問題
免疫にかかわる細胞について正しいのはどれか。
- 単球は抗体を産生する。
- 好酸球はリンパ球に抗原を提示する。
- 好塩基球は形質細胞に分化する。
- 好中球は食作用をもつ。
解答: 4(好中球は食作用をもつ。)
解説
- 誤り。単球は組織でマクロファージに分化して貪食作用と抗原提示を行うが、抗体は産生しない。抗体を産生するのはB細胞から分化した形質細胞である。

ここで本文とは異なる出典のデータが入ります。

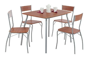 Praktický jedálenský set, ktorý sa skladá z pevného stola a 4 stoličiek. Konštrukcia je kovová, prevedenie hliník. Sedák, operadlo a horná doska stola je v prevedení čerešňa.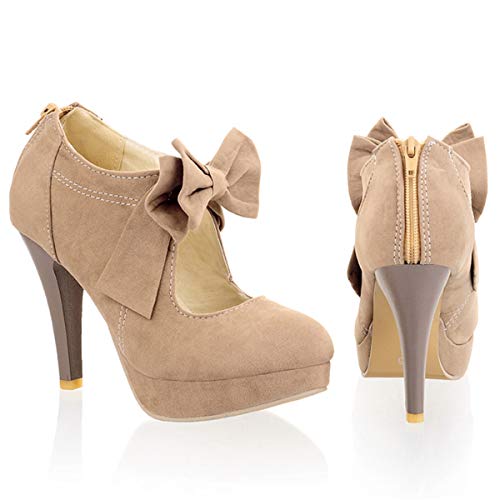 LUXMAX Scarpe Donna Decolte con Tacco Alto a Spillo Plateau Fiocco Elganti (Beige) - 34 EU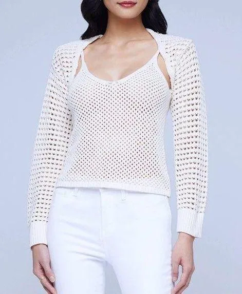 L’Agence Sammy Ivory Crochet Tank and Shawl Size: XS Color: Ivory Condition: New, without tags. A lovely crocheted top in neutral ecru. Soft, luxe knit features slim-fit scoopneck tank with attached shrug meant to be worn on or off the shoulder. Meticulous openwork crochet in two complementary patterns to enhance the twin-set look. Sleek long sleeves. 60% Cotton 40% Polyester Cruise wear, nautical, tropical, bright, vacation, travel, vacay, summer, swim, resort wear, Prairie, boho, bohemian, cottagecore, hippie, granola girl, flower child, cabincore, goblincore, farmhouse, farm, farmcore, woodsy, rustic, romantic, flowy, soft, Victorian, feminine, girly, lacy, lacey, bridgerton, indie, hipster, gypsy, folk, shabby chic, rural, folklore aesthetic, ethereal, fairyfolk, royalcore, princesscore, preppy, classic, timeless

- 誤り。好酸球は主に寄生虫感染防御やアレルギー反応(好酸球性炎症)に関与するが、リンパ球への抗原提示は行わない。抗原提示を行うのはマクロファージや樹状細胞である。
- 誤り。好塩基球はヒスタミンやヘパリンを含みI型アレルギー反応に関与するが、形質細胞には分化しない。形質細胞に分化するのはB細胞のみである。
- 正しい。好中球は食作用(貪食作用)を持つ。好中球は白血球中最も多い細胞であり、細菌などの病原体を非特異的に貪食して、活性酸素やリソソーム酵素で殺菌する自然免疫の主要な防御細胞である。感染初期に最も迅速に炎症部位に集合し、化学走性により遊走する。
ポイント
各白血球の機能を正確に区別することが最重要であり、特に「どの細胞がどの機能を持つか」を1対1で対応づけて覚える。
- 覚え方のコツ: 「単球=マクロ変身(貪食+抗原提示)」「好酸球=寄生虫キラー」「好塩基球=ヒスタミン倉庫」「好中球=貪食の先発隊」「B細胞=形質細胞=抗体工場」と1語で機能を覚える。
- 関連知識: この問題は選択肢1〜3で「他の細胞の機能を誤った細胞に当てはめる」パターンの典型である。各白血球の固有機能を正確に覚えておけば消去法で解ける。
- よくある間違い: 「単球は抗体を産生する」という誤りは、単球がマクロファージに分化した後に抗原提示を行う(B細胞の抗体産生を間接的に助ける)ことから混同が生じやすい。
- 教科書では「c.白血球の働き」の範囲に該当する。